AVANTHER is a trial evaluating Avastin (bevacuzimab) in combination with trastuzumab and paclitaxel chemotherapy as a neoadjuvant treatment in HER2-positive breast cancer.
In a poster, the team shared results of gene expression analysis in 44 patients of PI3KCA, TOPO 2α, VEGF, and activation of insulin growth factor 1-receptor (IGF1R), and analysis of how these markers were correlated with pathological complete response in the study subjects.
According to the group, PTEN expression was normal in all patients who had pathological complete response, while only one patient in the group with no pCR had a PTEN deletion.
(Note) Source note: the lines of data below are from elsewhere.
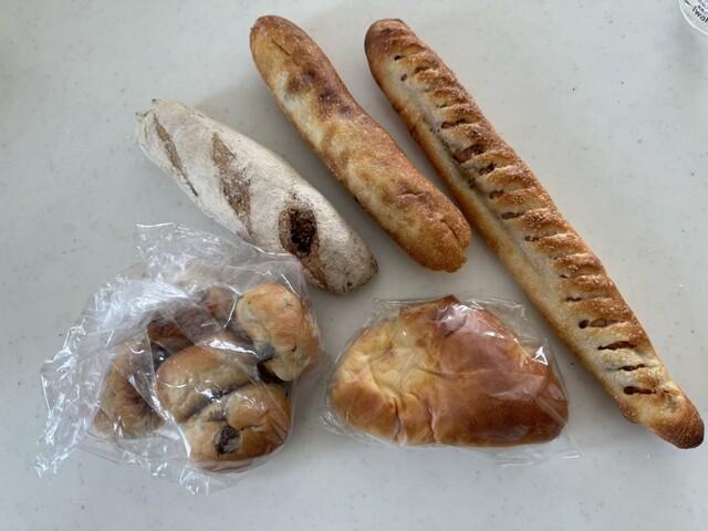 他にはコーンロール、バナナパウンドケーキ、シナモンロール、クリームパン、フランボワーズバター。
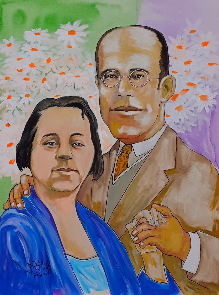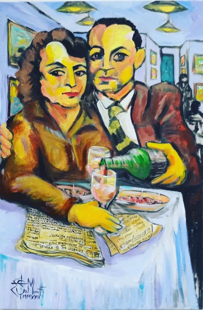 OBRA N°13 ☝️- “MÁRIO E ANNITA EM 1929” – Acrílica S Tela – 80cmx60cm – Produzida em 2023
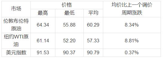 調價周期內,國際油價呈持續上漲走勢,倫敦布倫特和紐約WTI油價分別連續9個交易日和連續8個交易日上漲,雙雙突破每桶60美元,創2019年1月以來上漲時間最長紀錄。2月17日兩市油價分別漲至每桶64.34美元、61.14美元,為近13個月以來高位。

PI3KCA was mutated in three patients in the pCR group, and four patients in the no-pCR group, while Topo 2α was amplified in eight patients in both groups. IGFR 1 expression was negative in 44.4 percent of the pCR group and 15.4 percent of the no-pCR group, and VEGF was positive in seven pCR group patients and 10 no-pCR patients.
Based on the results, IGFR 1 appears to be a potential marker of trastuzumab resistance, and should be evaluated in future studies, the authors wrote.